Deutscher StarTrek-Index  
  5.20 Liebe und Profit  
  Ferengi Love Songs  
 

von Burkhard Wallner

 
 
 

Episodenbeschreibung

Im Quark’s sind Kammerjäger mit Handphasern unterwegs, um die Bar von cardassianischen Wühlmäusen zu säubern. Der Barbesitzer steht davor und unterhält sich frustriert mit Jadzia Dax über diesen neuerlichen Rückschlag und sie kann ihn nicht trösten. Quark zieht sich in sein Quartier zurück, wo er von Rom gestört wird. Dieser ist ganz aufgedreht und eröffnet seinem depressiven Bruder, dass er seine Freundin Leeta heiraten will. Doch Quark kann nach seiner Indizierung durch die Ferengi-Handelsbehörde auch das nicht aufmuntern worauf Rom ihm nahelegt, seine Mutter Ishka auf Ferenginar aufzusuchen. Bei ihr werde er Trost und Rat finden. Also begibt sich Quark auf den regnerischen Ferengi-Heimatplaneten und fällt dort seiner erstaunten Mutter weinend in die Arme.

Auf DS9 säen Dax und O’Brien in Rom Zweifel über die geplante Eheschließung nach bajoranischem Brauch. Ein Ferengi-Mann traue einer Nicht-Ferengifrau gewöhnlich nicht. Sie meinen es nicht böse, doch Roms Gesicht verdüstert sich.

Quark erklärt seiner Mutter inzwischen, dass nicht die Wühlmäuse auf der Station das Problem sind, sondern vielmehr seine fehlende Ferengi-Handelslizenz. Ishka will Quark ablenken, doch er geht in sein Zimmer und findet dort zu seiner Verblüffung im begehbaren Wandschrank den Großen Nagus Zek und seinen Diener Maihar’du vor. Irritiert muss Quark feststellen, dass seine Mutter offenbar ein Verhältnis mit dem Nagus hat, der auch gleich bestätigt, dass er und seine Mutter ineinander verliebt sind.

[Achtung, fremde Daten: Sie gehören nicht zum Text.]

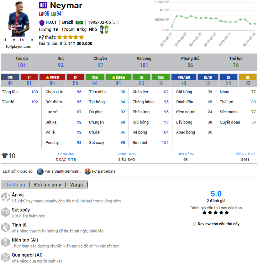 Chỉ số của Neymar | Nguồn : FO4PLAYER.COMNeymar - Đánh giá trong game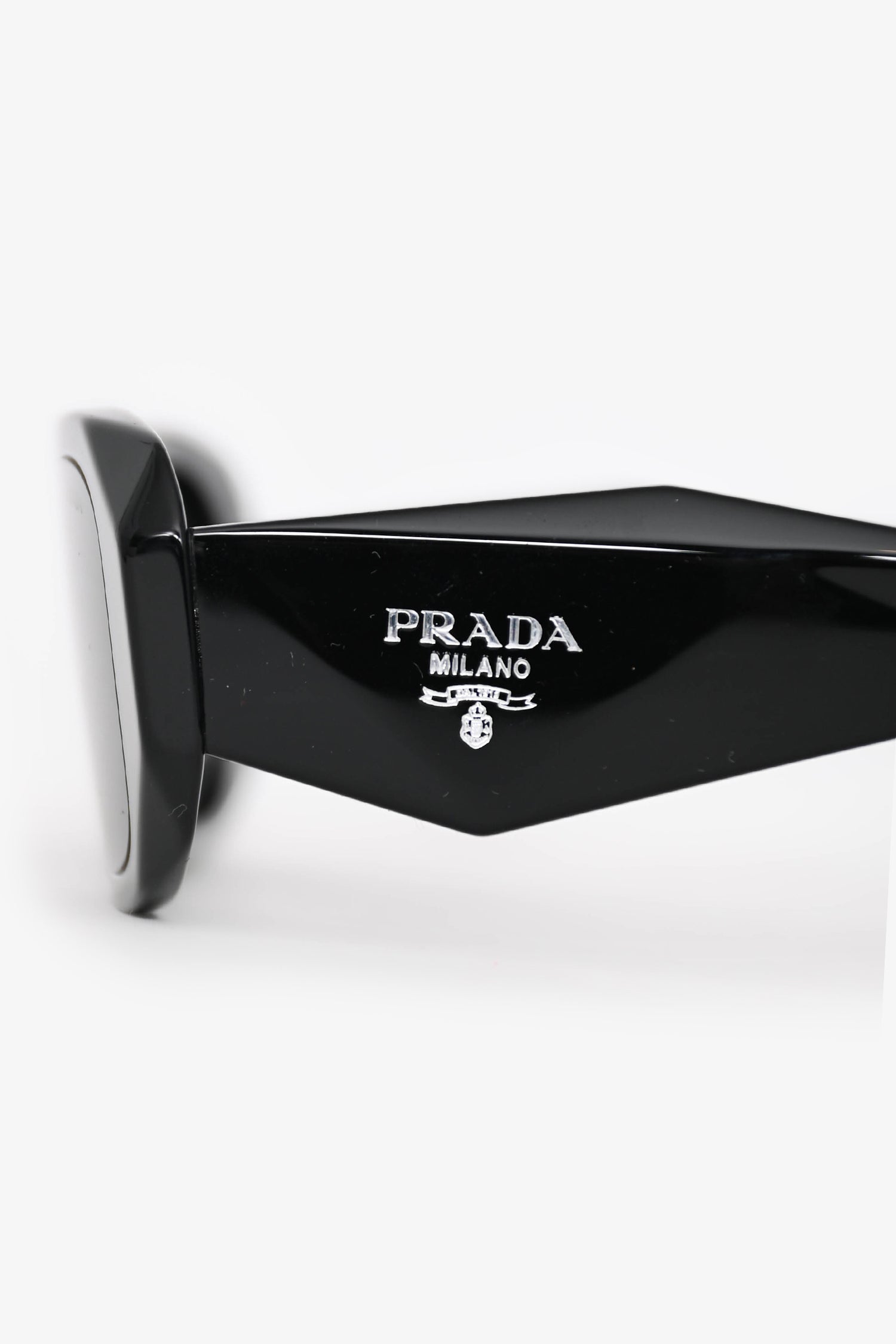 Refresh availabilityPrada Black Acetate Triangle Sunglasses. Built-in nose pads.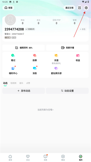 2、在個人中心頁面內,點擊右上角的功能按鈕。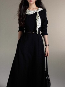 贰羊设计【南艺】法式气质波点飘带领拼黑色连衣裙女高级感收腰裙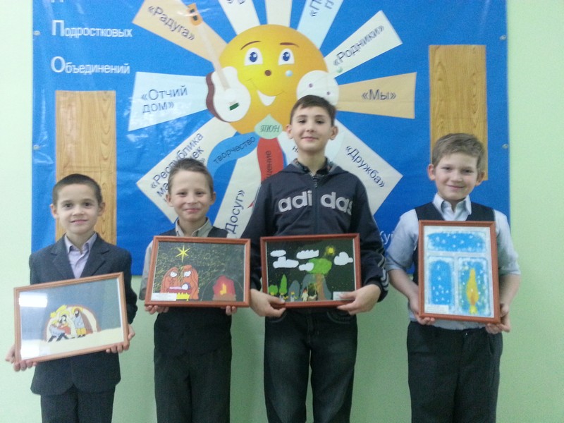 Попов Виталий с работой «Иисус» стал одним из победителей Районного конкурса детского прикладного творчества «В мире добра» Остальные ребята кружка «Вирус» которые представили свои работы на конкурс получили сертификаты участника.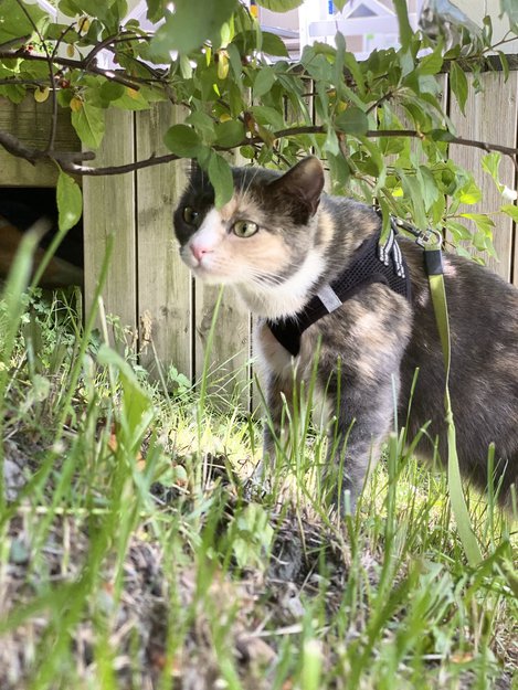 Hun var halvmåne i ansiktet. Grå på den ene siden og brun på andre. Lytter til navnet Luna og Pus.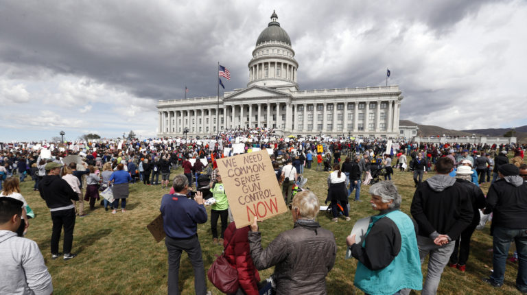 Tisícky protestujúcich pred vládnou budovou Capitol v Salt Lake City, Utah, 24. marec 2018 Foto: SITA/AP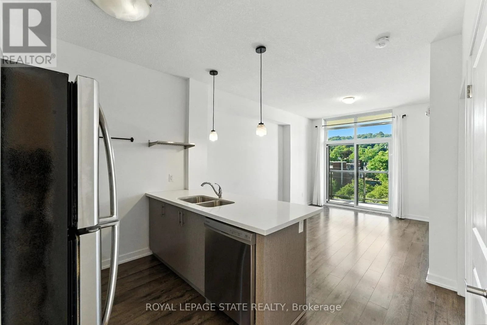 Cross Streets: Caroline St. S. ** Directions: Bay St. S. to Robinson. Step into stylish city living with this 2-bed, 1-bath condo at City Square, right in Hamilton's vibrant Durand neighbourhood. With cafés, cool boutiques, and foodie spots on James South and Locke Street just a short walk away, you'll have the best of the city at your doorstep. Inside, 9-ft ceilings and floor-to-ceiling windows flood the space with light. The open-concept layout is perfect for hosting friends or cozy nights in, and the sleek kitchen complete with stainless steel appliances and quartz counters delivers serious wow factor. In-suite laundry? Yep. Private balcony with peaceful Escarpment views? Also, yes. The building has all the extras you want: a gym, party room, media room, and even an outdoor terrace to hang out with friends. Plus, your own underground parking spot makes life easy. This condo delivers the perfect mix of modern living and urban convenience. Quick access to GO Transit, city buses, and the 403 keeps your commute simple. Note: some photos are virtually staged. (id:27476)

Die beiden Herrschaften turteln miteinander wie ein Liebespaar, was Quark kaum glauben kann. Schließlich verabschiedet sich der Nagus mit seinem Diener und lässt Quark und seine Mutter allein. Der Barbesitzer wittert jetzt eine Chance auf Besserung seiner Situation und umarmt Ishka.

Rom will inzwischen Leeta dazu bringen, dass sie eine Eigentums- und Profitverzichtserklärung unterschreibt. Chief O’Brien rät ihm dringend davon ab, seiner Braut so etwas zuzumuten, doch Rom lässt sich nicht von seinem Vorhaben abbringen. Leeta weist sein Ansinnen natürlich entrüstet zurück mit dem Hinweis, dass man, wenn man sich liebt, auch alles teilt. Man sei schließlich nicht auf Ferenginar. Rom wirft ihr vor, ihn ausnutzen zu wollen und die beiden trennen sich im Streit.

Der Große Nagus verweigert Quark die Wiederherstellung seiner durch die FCA entzogenen Handelslizenz und der Sohn findet in dieser Frage auch keine Unterstützung bei seiner Mutter, die lieber mit ihrem Freund im Garten spazieren geht. Quark findet nun in seinem Wandschrank den FCA-Agenten Brunt vor. Dieser ließ sich hineinbeamen, weil er danach trachtet, die in seinen Augen schädliche Beziehung des Nagus zu Quarks Mutter zu beenden, ohne dass das Ansehen des Nagus irgendwelchen Schaden nimmt, wie er versichert. Hierzu braucht er Quark und verspricht ihm die Erteilung einer neuen Lizenz, wenn er das Paar auseinanderbringt. Quark willigt ein und streut beim Nagus den Verdacht, dass seine Mutter nur auf dessen Geld aus ist, um eine Revolution auszulösen und die Vorherrschaft der Weiblichen zu etablieren.

Auf DS9 weint Rom wegen der geplatzten Hochzeit vor sich hin und Leeta muss von Major Kira getröstet werden.

Der Große Nagus hat inzwischen Ishka verlassen. Quark findet sie untröstlich vor und sie berichtet ihm von den Anschuldigungen ihres “Zeki”, die fast wortgetreu das wiedergeben, was Quark dem Nagus zuvor eingeflüstert hatte. Seine Mutter macht sich Sorgen um ihren Ex und meint, dass die Trennung von ihm eine Katastrophe für alle Ferengi sei. Quark jedoch kontaktiert Brunt und teilt ihm die erfolgreiche Trennung des Paares mit. Brunt stellt die Handelslizenz von Quark umgehend wieder her.
Am nächsten Tag serviert Quark seiner niedergeschlagenen Mutter das Frühstück, als er vom Großen Nagus in den Handelsturm zitiert wird. Dort eröffnet ihm Zek, dass er zum neuen Ersten Sekretär, also obersten Finanzberater, ernannt wurde. Quark kann das nicht ablehnen, bemerkt jedoch zu seinem Entsetzen, dass der Nagus offenbar an Alzheimer leidet, als er mit ihm die Liste der Bittsteller durchgehen will.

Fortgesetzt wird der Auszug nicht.